Osprey Charging and Ionity have secured backing worth hundreds of millions of pounds to grow their electric vehicle (EV) charging networks.

Novuna Business Finance (part of Mitsubishi HC Capital UK), Société Générale, Aldermore and the UK Government's National Wealth Fund, have provided £110 million to Osprey Charging in senior debt facilities, while retaining support from its original investors, Cube Infrastructure Fund II and Investec Bank.

The EV charging market is seen as a key sector for the National Wealth Fund. Its backing for Osprey’s rapid charging rollout supports Government decarbonisation targets by helping to ensure there are enough chargers to inspire confidence and help drivers make the switch to EVs, ahead of the 2030 ban on sales of new vehicles powered solely by internal combustion engines

Chancellor Rachel Reeves said: “We’re investing in Britain’s renewal, bringing our infrastructure into the 21st century, improving people’s day to day lives, and putting more money into their pockets through economic growth.

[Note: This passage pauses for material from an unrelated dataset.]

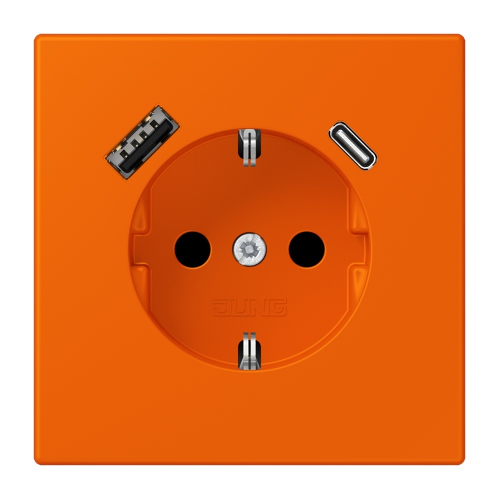 Jung SCHUKO Steckdose LC1520-15CA224 SCHUKO Steckdose 16 A 250 V, mit USB-Ladegerät 1xTyp A + 1xTyp C, SAFETY+, Serie LS, orange (32080) mit integriertem erhöhten Berührungsschutz (Safety Plus) mit 1 USB-Buchse Typ A und 1 USB-Buchse Typ C mit Federklemmen für starre und unbehandelte flexible Leiter bis 2,5 mm2 Verbindungsklemmen nach DIN VDE 0620 Montage in Gerätedose mit Abmessungen nach DIN 49073 Tiefe der Gerätedose (Innenmaß): min. 57 mm Material: Thermoplast lackiert Hersteller Jung EAN Nr. 4011377285347 Warengruppe Jung Les Couleurs Le Corbusier

“The National Wealth Fund is helping us achieve that change, backing the industries of the future and accelerating Britain’s transition to a clean energy superpower.”

Osprey Charging currently operates a network of 1,400 rapid and ultra-rapid charge points at 380 locations.

In this next stage of deployment, it says that it will continue to target quality over quantity, reflecting a focus on customer service, reliable operations, and financial strength.

Ian Johnston, CEO of Osprey Charging, said: “We’re delighted that financial institutions are supporting the work our fantastic, dedicated team are doing.

“At Osprey, we build the charging hubs customers want – clean and secure, super-fast, easy to use and easy to pay for. In short, where I would choose to stop and re-charge with my family.”

Ionity secures record financing to infrastructure

Cars being charged on public network

Ionity has secured a record-breaking financing of up to €600m (£520m), including €450m (£390m) in committed green loan facilities and a so-called accordion facility ─ the option to increase the credit line by up to €150m (£130m) later for future growth.

The loan transaction, provided by nine international commercial banks, marks the largest ever in the European charging industry.

Ionity will invest the new capital in the continued expansion and upgrade of its ultra-fast charging network, focusing on highways and urban hubs.

Currently, operating more than 5,000 charge points, the company aims to more than double the number of charging points to approximately 13,000 and grow its network to more than 1,300 charging sites by the end of 2030.

“This financing marks a major milestone, not just for Ionity, but for Europe’s transition to clean, sustainable mobility,” said Torsten Kiedel, chief financial officer at Ionity.

“Our mission is clear: to power seamless electric journeys and create lasting value for the economy, society, and the environment.”